The print out shows the exact time values. For 1000 time steps of integration over 10 seconds of real time (100 hz) for the 20 link problem, the Cython method wins out at 39 seconds. Theano took 914 seconds (23x slower) and lambdify took 2374 seconds (60x slower). Cython was able to integrate the equations of motion for up to 17 links at real time speeds (9.5 seconds) for 100hz throughput. The timing was dependent on my system processes, so there are some blips. It'd be nice to get an average of this computation. You can run the benchmark yourself here:

https://github.com/PythonDynamics/pydy-code-gen/blob/master/misc/benchmark.py

These are some general observations:

- Lambdify generates the code very fast.
- Theano takes more time to generate code than lambdify, but is significantly faster at evaluation in the integration step.
- The Cython wrapped C code evaluates extremely faster than both methods and doesn't take to long to generate the code.
- The derivations are pretty fast, with the 20 link pendulum taking 88 seconds. I'm looking forward to trying out Ondřej's csympy implementation for this, which could get derivations down to second speeds.

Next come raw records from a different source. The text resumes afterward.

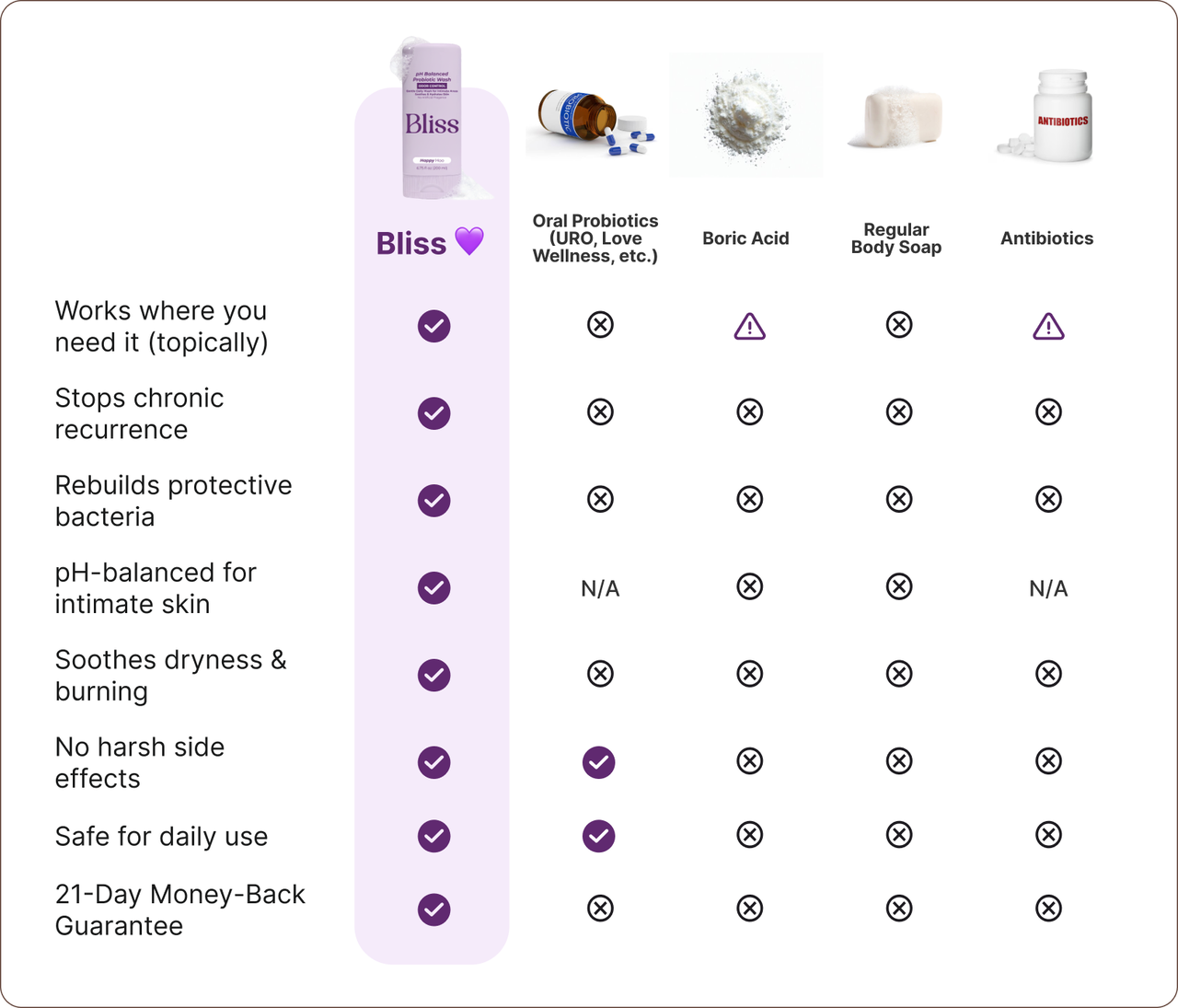 Bliss targets the root cause of chronic recurrence: destroyed protective bacteria.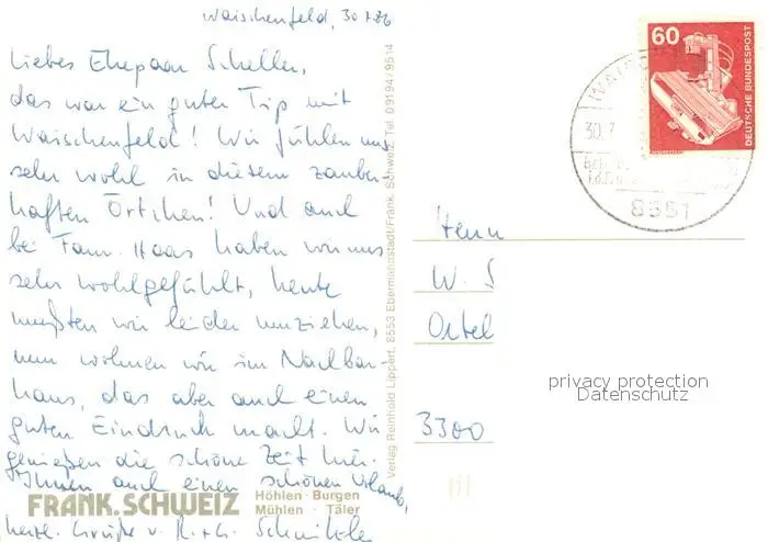 Waischenfeld Ortsansichten Waischenfeld postalisch gelaufen 1986 Erhaltung siehe scans [FriedD77] Frierer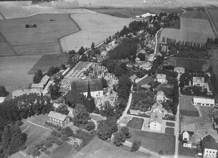 Flygfoto över Sköllersta, kyrkan och bostadshus.

The package and benchmark code are hosted here:

### Conclusion

There is a great deal of improvement needed for this package, but I think it demonstrates a proof of concept that we can generate fast code that can still be used at the high level. We'd ideally like the derivation + simulation time to take no more than 20 seconds for relatively complex problems to expect this to be used for any kind of backend to a GUI based model builder. That may be too much to expect though, as purely numerical \(O(n)\) methods for multibody dynamics are still superior for this.